U.S. Farmers Cope With Roundup-Resistant Weeds - NYTimes.com
More evidence that GM / Monsanto is a short-term fix and a long-term nightmare.
"...But farmers sprayed so much Roundup that weeds quickly evolved to survive it. What we’re talking about here is Darwinian evolution in fast-forward," Mike Owen, a weed scientist at Iowa State University, said. Roundup-resistant weeds like horseweed and giant ragweed are forcing farmers to go back to more expensive techniques that they had long ago abandoned.
Mr. Anderson, the farmer, is wrestling with a particularly tenacious species of glyphosate-resistant pest called Palmer amaranth, or pigweed, whose resistant form began seriously infesting farms in western Tennessee only last year. Pigweed can grow three inches a day and reach seven feet or more, choking out crops; it is so sturdy that it can damage harvesting equipment. In an attempt to kill the pest before it becomes that big, Mr. Anderson and his neighbors are plowing their fields and mixing herbicides into the soil.

.. so if you already joined the CBAN Canadian action network - you can also look at the Trade Justice Network to take action.

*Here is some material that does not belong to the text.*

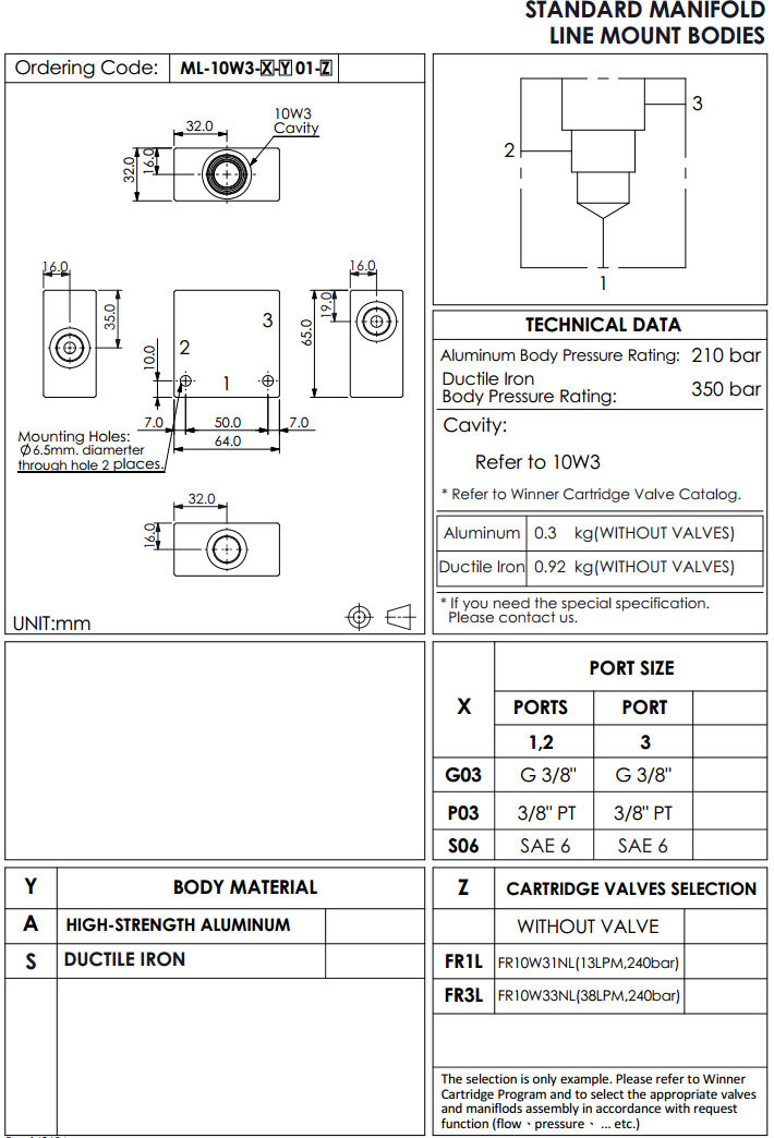 ML-10W3-G03-A01-FR1L,ML-10W3-P03-A01-FR1L,ML-10W3-S06-A01-FR1L,winner標準配管式油路板 |

Secret Text of Canada-EU Trade Deal Released: The agreement may be the largest single issue on farm-policy horizon
The Canada-EU Trade Agreement (CETA) is already being negotiated! On May 6, 2009, Prime Minister Stephen Harper launched negotiations with Europe toward a Comprehensive Economic and Trade Agreement that will go beyond NAFTA in ways that threaten public services and local democracy in Canada. On April 19, 2010, the Trade Justice Network leaked the draft consolidated text of the agreement to start a public debate on the effect the agreement would have on a number of public policy areas in Canada.

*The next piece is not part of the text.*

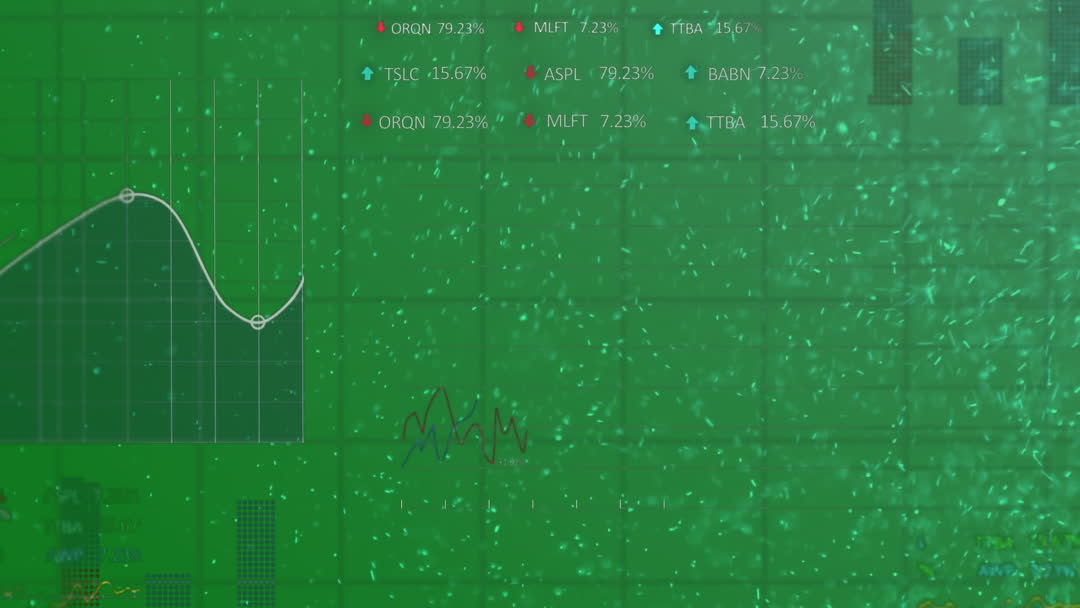 Representation of digital processing with snow and fluctuating data on a green background. Perfect for technology, finance, and data analysis themes, conveying a fusion of tech with nature. Useful for presentations, educational materials, or design projects illustrating digital innovations or financial forecasts.

European companies see Canada's public services, including water treatment, transportation, energy and even health care, as ripe for privatization. Europe has already requested that GMOs be exempt from the trade agreement but the rights of farmers to save seed are under direct attack from the agreement. CETA would put powerful new tools into the hands of the biotech corporations.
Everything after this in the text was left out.